A Netflix está agora a mostrar-nos o filme Munique à Beira da Guerra, no qual Jermy Irons interpreta a figura do então primeiro-ministro britânico, Neville Chamberlain. Este filme mostra-nos a armadilha que foi o Acordo de Berlim assinado em setembro de 1938. 

Então, apesar da postura agressiva que Adolf Hitler mostrava desde 1934, os líderes do Reino Unido e da França, Chamberlain e Daladier, aceitaram ceder os Sudetas à Alemanha julgando que assim estavam a defender a paz na Europa. No regresso de Munique a Londres Chamberlain foi aclamado como campeão da paz.
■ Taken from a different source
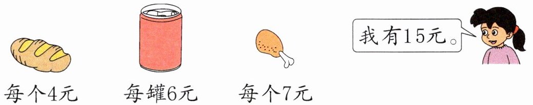 15-2×7 买 2 个面包和 1 个鸡腿,应付多少元?

Foi ingénuo na valorização daquele acordo com Hitler a prometer a paz. 

Na primavera seguinte, a de 1939, o exército nazi iniciou na Checoslováquia a invasão da Europa que continuaria em setembro desse ano com o assalto à Polónia. Estava desencadeada a tremenda II Grande Guerra Mundial.
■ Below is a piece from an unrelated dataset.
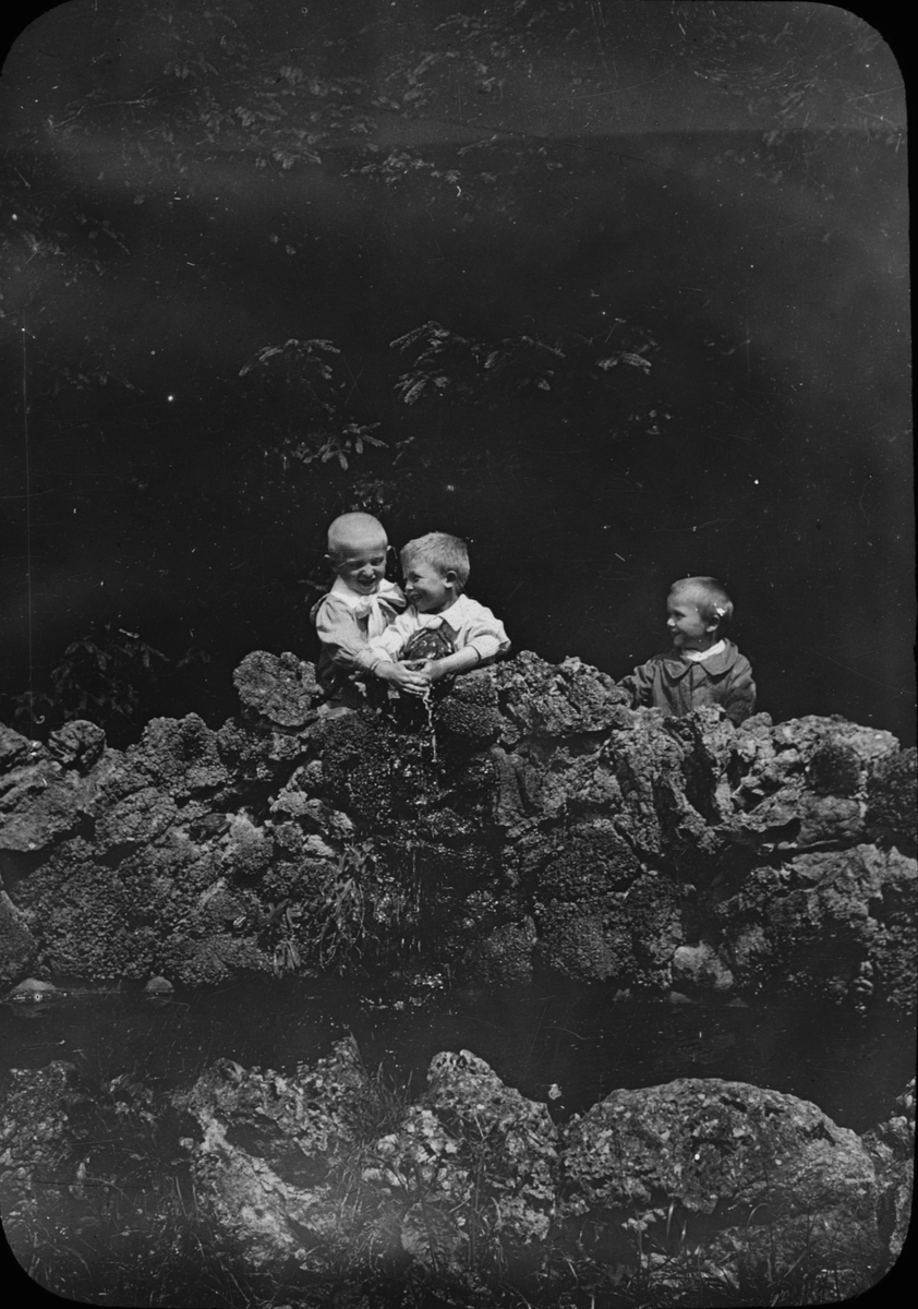Skioptikonbild med motiv av tre små lekande pojkar.

A realidade de hoje obriga-nos a ponderar o que aconteceu nesse tempo que antecedeu a Grande Guerra.

Tal como em 1938, a tensão neste 2022 está altíssima.
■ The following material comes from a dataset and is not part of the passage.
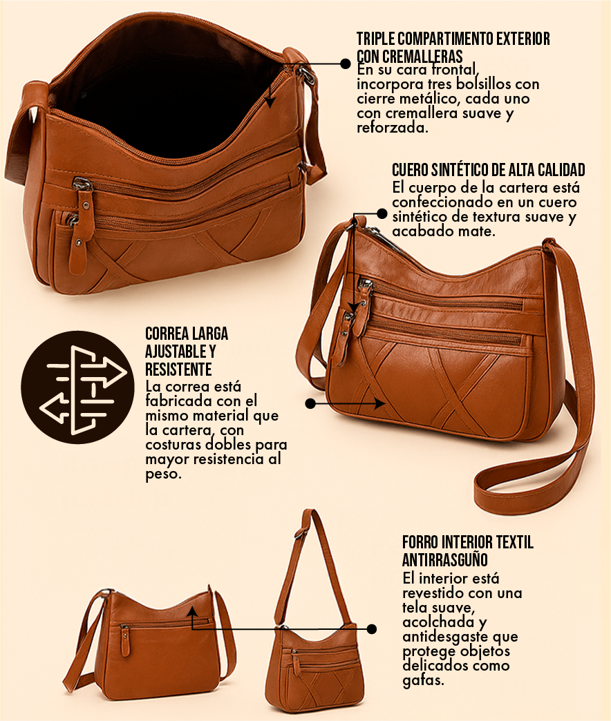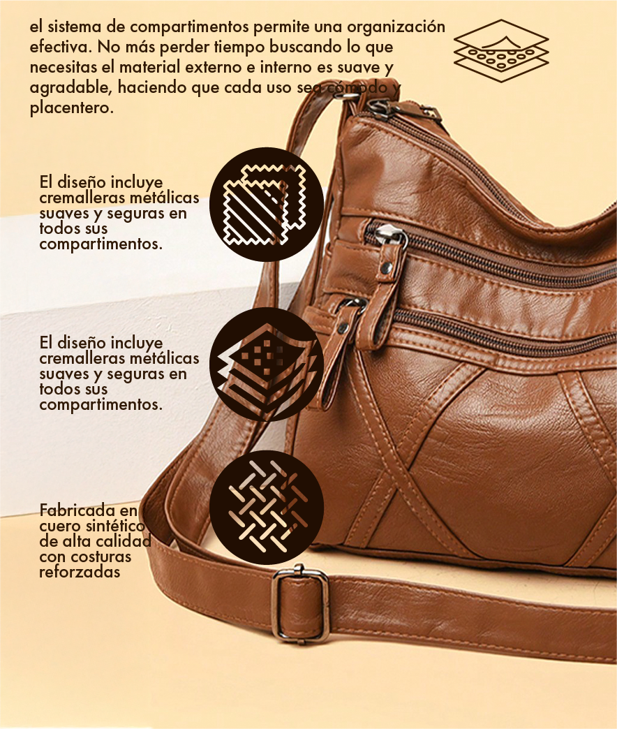 Los bolsos deben ser más que simples recipientes; deben ser una extensión de tu vida organizada. Este bolso te ofrece la paz mental de la seguridad y el orgullo de lucir un accesorio elegante. Es la promesa de un día a día más fluido, sin estrés ni preocupaciones.

Sentimos a atmosfera de guerra não declarada em volta da Ucrânia e pressentimos que a invasão da Ucrânia, se acontecer, desencadeará conflito generalizado. 

Não sabemos se estamos perante apenas um especulativo jogo de ameaças ou se estamos perante risco real de guerra.

A diplomacia está ativa como não se via desde o tempo da Guerra do Golfo. Então, a motivação ocidental era ofensiva, tratava-se de montar a engrenagem da guerra contra tudo o que aparecesse como base do terrorismo jiadista.

Agora, a aspiração parece ser a de evitar o confronto armado.

Multiplicam-se iniciativas europeias.

O presidente Macron, a dois meses das eleições presidenciais em França, põe-se à cabeça do pelotão europeu e viaja nesta segunda-feira a Moscovo para se encontrar com Putin e na terça-feira estará em Kiev com o presidente da Ucrânia.

Ao mesmo tempo, o novo chanceler alemão Olaf Scholz está em Washington para articulação com Biden.

Todos sabem que Putin está reforçado com o apoio de Xi Jinping e tem um argumento forte: o chefe do Kremlin declara-se enganado pelo Ocidente que nos anos 90, na implosão da URSS, garantiu a Moscovo que não haveria alargamento da influência NATO sobre os territórios ex-soviéticos.

Está a ficar evidente que Putin quer impor o respeito desse antigo compromisso – que não está escrito. E quer que a questão se resolva rapidamente, por isso está a mover tropas.

Macron avança neste começo de semana a liderar um esforço de desescalada. É uma iniciativa com méritos e ao mesmo tempo interrogações.

O esforço para a paz é sempre de aplaudir. Mas, pergunta-se: a frente ocidental está unida? Macron avança como porta-voz de todos? Intervém em nome da União Europeia (a cujo Conselho, sim, a França está a presidir)? Fala em nome da NATO? Ou apenas da França onde é simultaneamente presidente e candidato à reeleição em abril?

O exercício que Macron está a desenvolver, tendo indiscutíveis méritos, é delicado. Não está sequer evidente a unidade europeia e da NATO em torno desta iniciativa.

Macron está a ser coerente: ele tem defendido, ao longo dos cinco anos de mandato presidencial, uma nova arquitetura de segurança europeia.

O presidente francês coloca-se no centro do palco com tripla intenção:

- evitar que a tensão na Ucrânia venha a desenvolver-se em conflito bélico (a guerra de palavras está em curso)

- envolver a Rússia num amplo compromisso sobre a segurança na Europa e instalar medidas geradoras de confiança

- colocar-se (intenção não assumida) com peso político reforçado não só como presidente reeleito da França como líder da Europa política.

Macron inicia esta semana crucial com intenções apaziguadoras. Até ver, Joe Biden e Boris Johnson estão longe da sintonia com essa intenção que lhes parecerá demasiado conciliadora ou acomodada.

As consequências do Acordo de Munique em 1938 pairam como fantasma sobre estes dias.

Se nos fixarmos no mapa geopolítico, vemos a Rússia e a China como potências articuladas, enquanto no lado ocidental essa articulação mão se mostra absoluta.